Archiepiscopal Encyclical on the Feast of Saint Photios, Patriarch of Constantinople, February 6, 2023

Prot. No. 28/2023


Archiepiscopal Encyclical on the Feast of Saint Photios, Patriarch of Constantinople

February 6, 2023


Unto the Most Reverend and Right Reverend Hierarchs, Pious Priests and Deacons, the Monks and Nuns, Presidents and Members of Parish Councils, Honorable Archons of the Ecumenical Patriarchate, Members of Leadership 100, the Day and Afternoon Schools, Philoptochos Societies, the Youth, Greek Orthodox Organizations, and the entirety of the Christ-named Plenitude of the Holy Archdiocese of America:

An Angel among men, you have been shown forth to be, O Father…. (Oikos from the Matins of the Feast).

Beloved Sisters and Brothers in Christ,

As an “Angel among men,” Saint Photios the Great, Patriarch of Constantinople, was truly a messenger of God. His defense of the Orthodox Faith against encroachments from all sides, together with his missionary zeal, which was grounded in his extensive learning, made him both famous in his day and the target of attacks. He was a man of his times, and yet, he was a man for all seasons. The hymns that celebrate his memory do not lack in either exuberance or praise, and justly so.

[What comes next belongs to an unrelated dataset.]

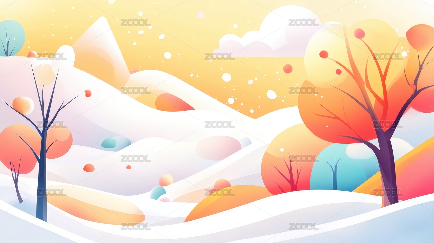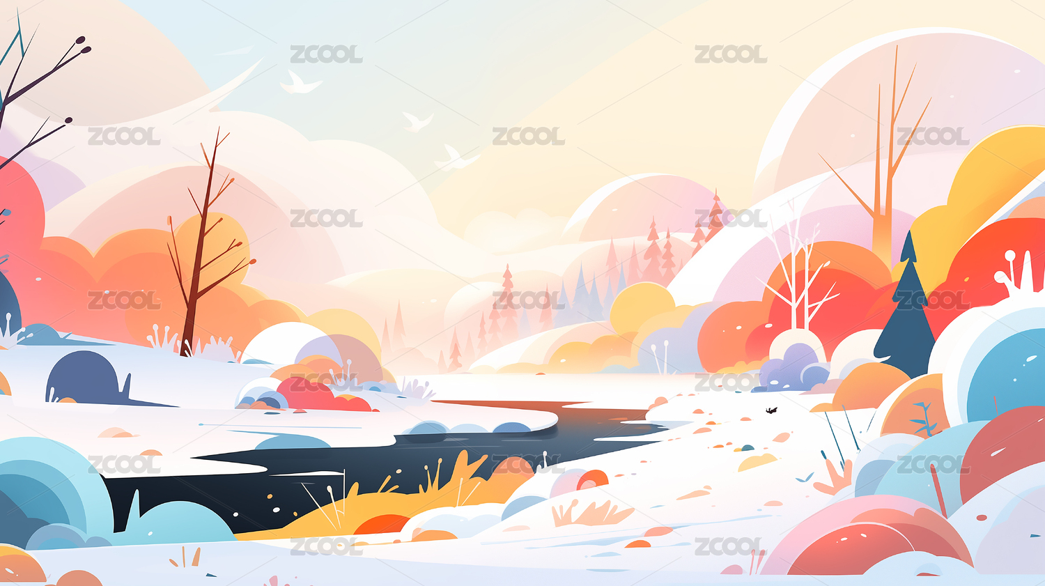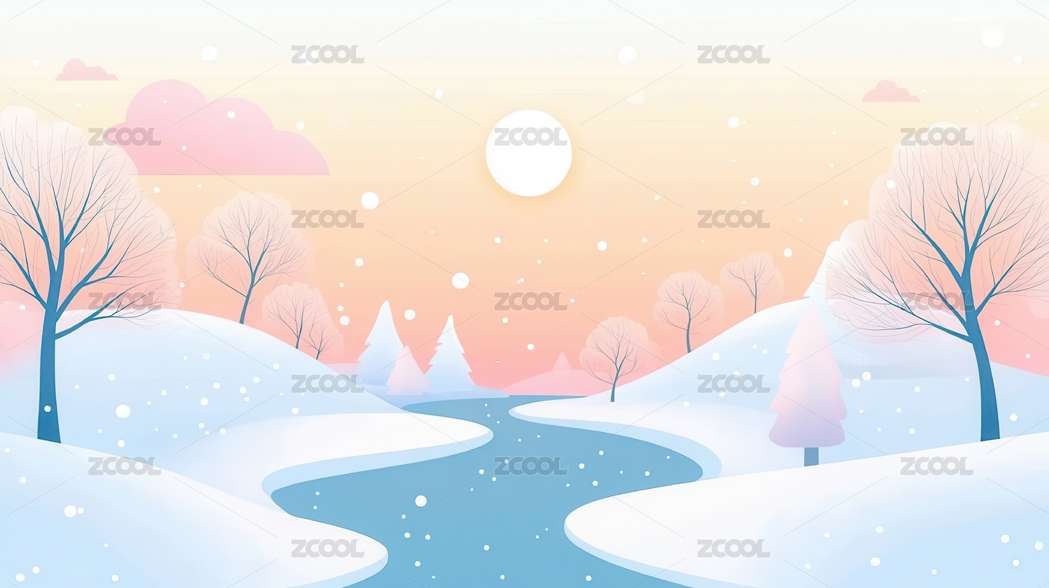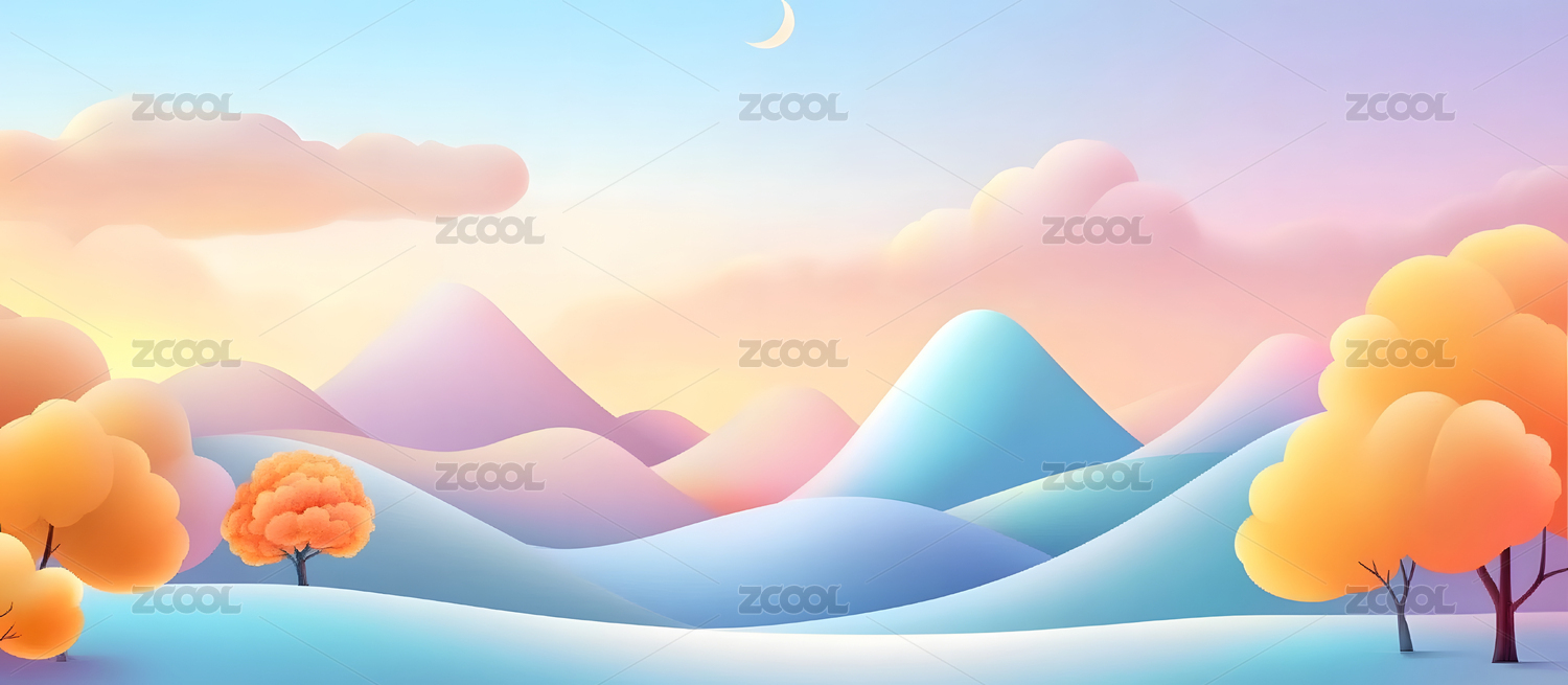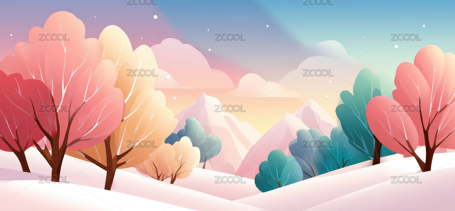 手绘卡通唯美的冬季风景扁平化插画背景

This is the Saint for whom our Saint Photios Greek Orthodox National Shrine is named. This year is the Fortieth Anniversary of the establishment of the Shrine as a National Institution of our Sacred Archdiocese of America, and every member of our Church should take pride in this significant milestone. The ever-memorable Archbishop Iakovos captained the efforts to bring about the Shrine in St. Augustine, Florida, together with lay leadership from the region. The purchase of the Avero House in 1966 ultimately led to the dedication of this first National Shrine of our Sacred Archdiocese in 1982. Thousands upon thousands of faithful and visitors have come to the Shrine to learn about the history of Greeks in America. Today, with the Shrine’s Fortieth Anniversary, we embark upon a new chapter.

Saint Photios himself is rightfully honored at the Shrine, because he was truly a messenger of the Gospel, an “Angel among men,” as the hymn says. I encourage everyone across the Archdiocese to visit the Shrine as they are able, and to support its vital work, continuing the vision of this Great Patriarch of Constantinople, to bring the message of the Gospel to all the world, and to remember those who have come before us as true spiritual giants, upon whose shoulders we stand.